Begin by setting the exaggeration to 200.
rng default % For fair comparison opts = statset(MaxIter=10); YEX5000 = tsne(X,Perplexity=300,Exaggeration=5000,... NumPrint=1,Verbose=1,Options=opts);
|==============================================| | ITER | KL DIVERGENCE | NORM GRAD USING | | | FUN VALUE USING | EXAGGERATED DIST| | | EXAGGERATED DIST| OF X | | | OF X | | |==============================================| | 1 | 6.388137e+04 | 6.483115e-04 | | 2 | 6.388775e+04 | 5.267770e-01 | | 3 | 7.131506e+04 | 5.754291e-02 | | 4 | 7.234772e+04 | 6.705418e-02 | | 5 | 7.409144e+04 | 9.278330e-02 | | 6 | 7.484659e+04 | 1.022587e-01 | | 7 | 7.445701e+04 | 9.934864e-02 | | 8 | 7.391345e+04 | 9.633570e-02 | | 9 | 7.315999e+04 | 1.027610e-01 | | 10 | 7.265936e+04 | 1.033174e-01 |
The Kullback-Leibler divergence increases during the first few iterations, and the norm of the gradient increases as well.
To see the final result of the embedding, allow the algorithm to run to completion using the default stopping criteria.
rng default % For fair comparison YEX5000 = tsne(X,Perplexity=300,Exaggeration=5000); figure gscatter(YEX5000(:,1),YEX5000(:,2),activity,clr) title('Exaggeration 5000')
This exaggeration value does not give a clean separation into clusters.
Show the initial behavior when the learning rate is 1,000,000.
rng default % For fair comparison YL1000k = tsne(X,Perplexity=300,LearnRate=1e6,... NumPrint=1,Verbose=1,Options=opts);
|==============================================| | ITER | KL DIVERGENCE | NORM GRAD USING | | | FUN VALUE USING | EXAGGERATED DIST| | | EXAGGERATED DIST| OF X | | | OF X | | |==============================================| | 1 | 2.258150e+01 | 4.412730e-07 | | 2 | 2.259045e+01 | 4.857725e-04 | | 3 | 2.945552e+01 | 3.210405e-05 | | 4 | 2.976546e+01 | 4.337510e-05 | | 5 | 2.976928e+01 | 4.626810e-05 | | 6 | 2.969205e+01 | 3.907617e-05 | | 7 | 2.963695e+01 | 4.943976e-05 | | 8 | 2.960336e+01 | 4.572338e-05 | | 9 | 2.956194e+01 | 6.208571e-05 | | 10 | 2.952132e+01 | 5.253798e-05 |
Again, the Kullback-Leibler divergence increases during the first few iterations, and the norm of the gradient increases as well.
To see the final result of the embedding, allow the algorithm to run to completion using the default stopping criteria.
rng default % For fair comparison YL1000k = tsne(X,Perplexity=300,LearnRate=1e6); figure gscatter(YL1000k(:,1),YL1000k(:,2),activity,clr) title('Learning Rate 1,000,000')
The learning rate is far too large, and gives no useful embedding.
Conclusion
tsne
with default settings does a good job of embedding the high-dimensional initial data into two-dimensional points that have well defined clusters.
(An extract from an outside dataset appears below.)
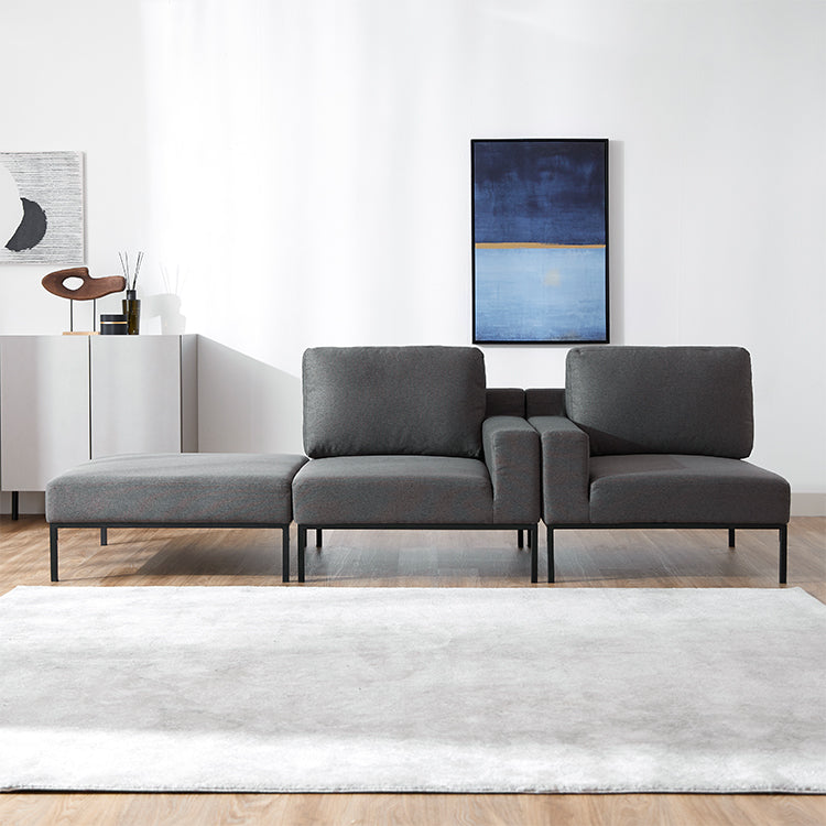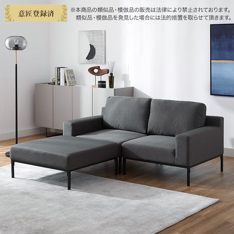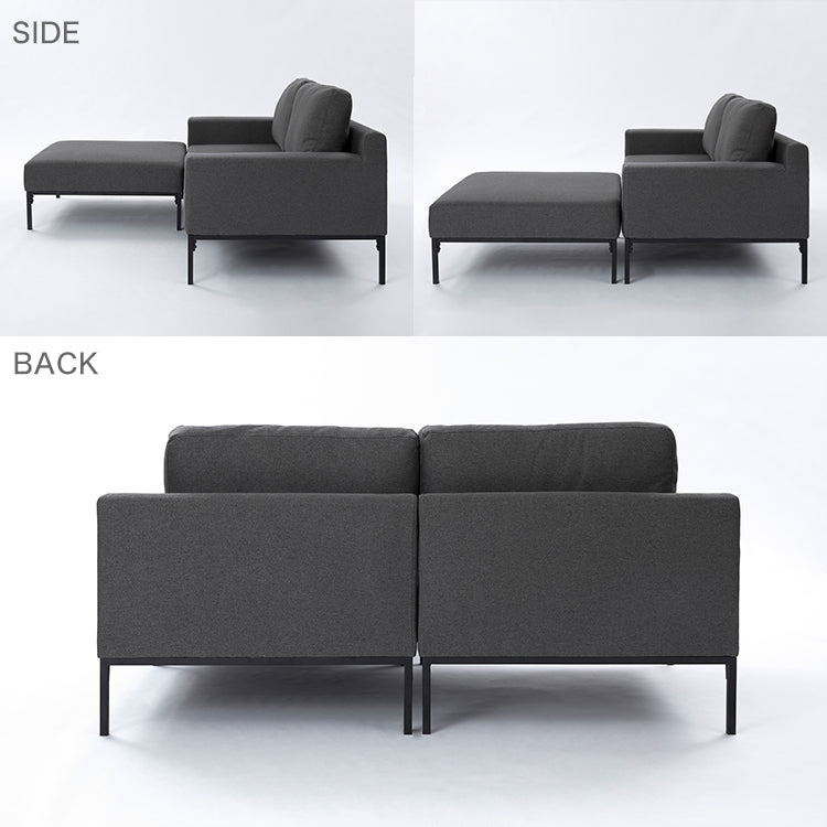 2人掛けカウチソファ スチール脚 オットマン付き レイアウト自在
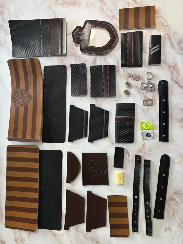 革の面積や素材の状態に応じて、できる限り多くのアイテムを制作します。

Increasing the perplexity gives a better-looking embedding with this data. The effects of algorithm settings are difficult to predict. Sometimes they can improve the clustering, but for typically the default settings seem good. While speed is not part of this investigation, settings can affect the speed of the algorithm. In particular, the default Barnes-Hut algorithm is notably faster on this data.